Transcriptional Regulation of BSEP
Because intracellular accumulation of bile salts can lead to cholestasis, hepatocyte apoptosis and progressive liver damage, regulatory mechanisms that can coordinate the expression of genes encoding bile acid transport proteins and the enzymes involved in bile acid biosynthesis are critically important. Bile salts are natural ligands for several nuclear hormone receptors expressed in liver and intestine (10). Nuclear receptors are transcription factors that bind specific ligands and regulate gene expression according to the metabolic requirements of the cell. Nuclear receptors generally bind to AG(G/T)TCA-like hexameric repeat motifs in the promoters of target genes as heterodimers with the retinoid X receptor alpha (RXRα) (11).

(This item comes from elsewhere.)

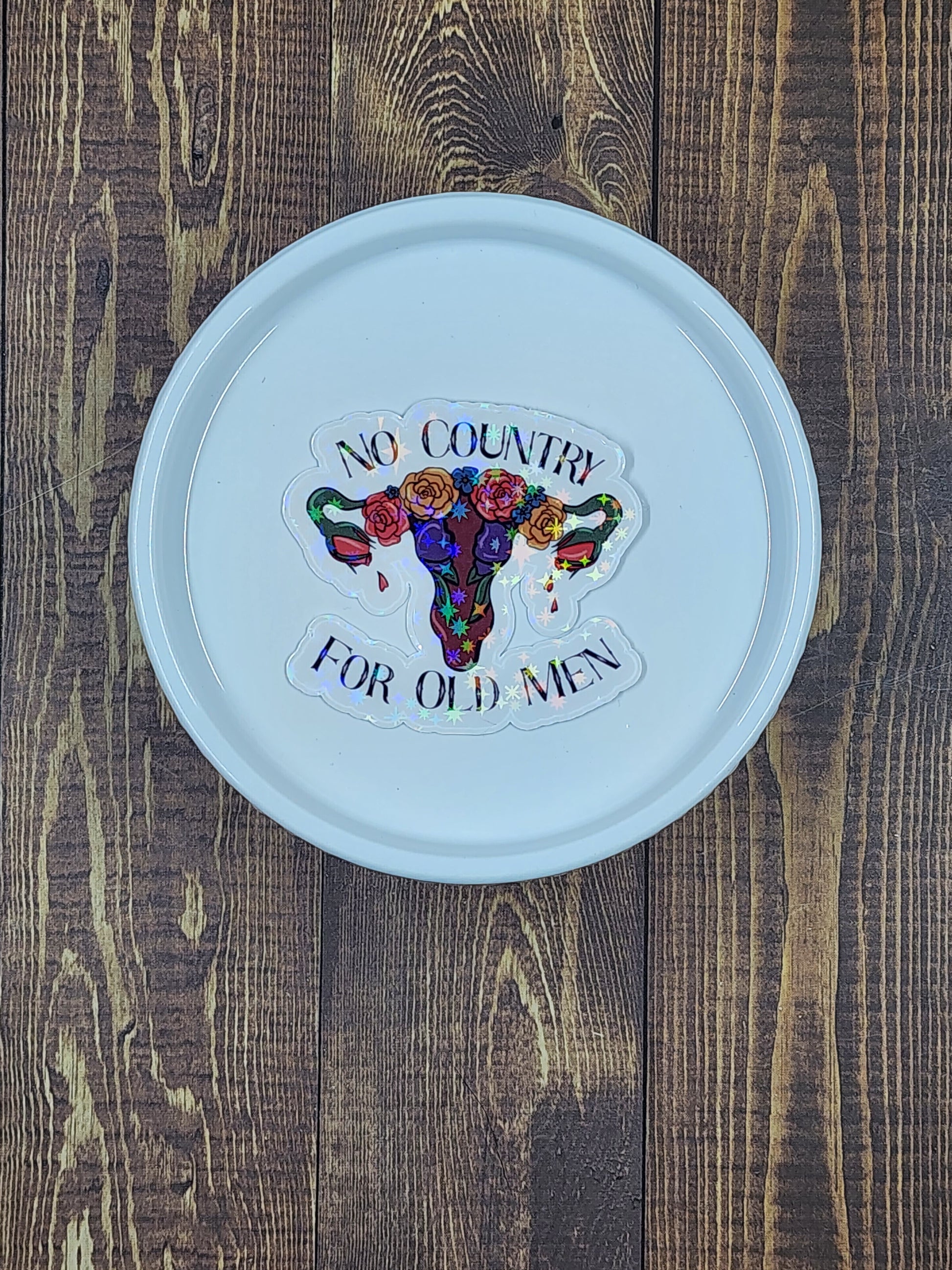 Stand up for reproductive rights with our feminist and pro-choice sticker, featuring a beautiful floral uterus and the bold words "no country for old men." This powerful design is perfect for expressing your support for women's health and autonomy.

In cloning of the BSEP gene, we found that the sequence of the promoter contained an inverted repeat (IR)-1 element (5′-GGGACA T TGATCCT-3′) at base pairs -63/-50 consisting of 2 nuclear receptor half-sites organized as an inverted repeat and separated by a single nucleotide (12). This binding site has been shown in several recent studies to serve as a binding site for the farnesoid X receptor (FXR), a nuclear receptor for bile acids (10). FXR activity requires heterodimerization with a 9-cis retinoid receptor (RXR alpha), and when bound by bile acids and retinoic acid, the complex effectively regulates the transcription of several genes involved in bile acid transport and synthesis. FXR/RXR alpha heterodimers bound specifically to the IR-1 element in the BSEP promoter on gel mobility shift assays. Cotransfection of FXR and RXR alpha into HepG2 cells led to full transactivation of the BSEP promoter by bile acids. Two FXR transactivation-deficient mutants failed to transactivate, indicating that the effect of bile acids is FXR-dependent. Further, mutational analysis confirms that the FXR/RXR alpha heterodimer activates transcription through the IR-1 site in the human BSEP promoter. The activity of the promoter was modest in the absence of FXR, suggesting that this nuclear orphan receptor may be critical for even basal activity of the BSEP promoter. This notion was supported by experiments in CV-1 cells in which BSEP promoter activity was observed only when FXR/RXRα heterodimer was expressed and activated by the addition of bile acids (Fig. 2). Moreover, mice with targeted disruption of the FXR gene have extremely low levels of BSEP expression, even when fed cholic acid (13). These results demonstrate a mechanism by which bile acids transcriptionally regulate the activity of the BSEP, a critical component involved in the enterohepatic circulation of bile acids.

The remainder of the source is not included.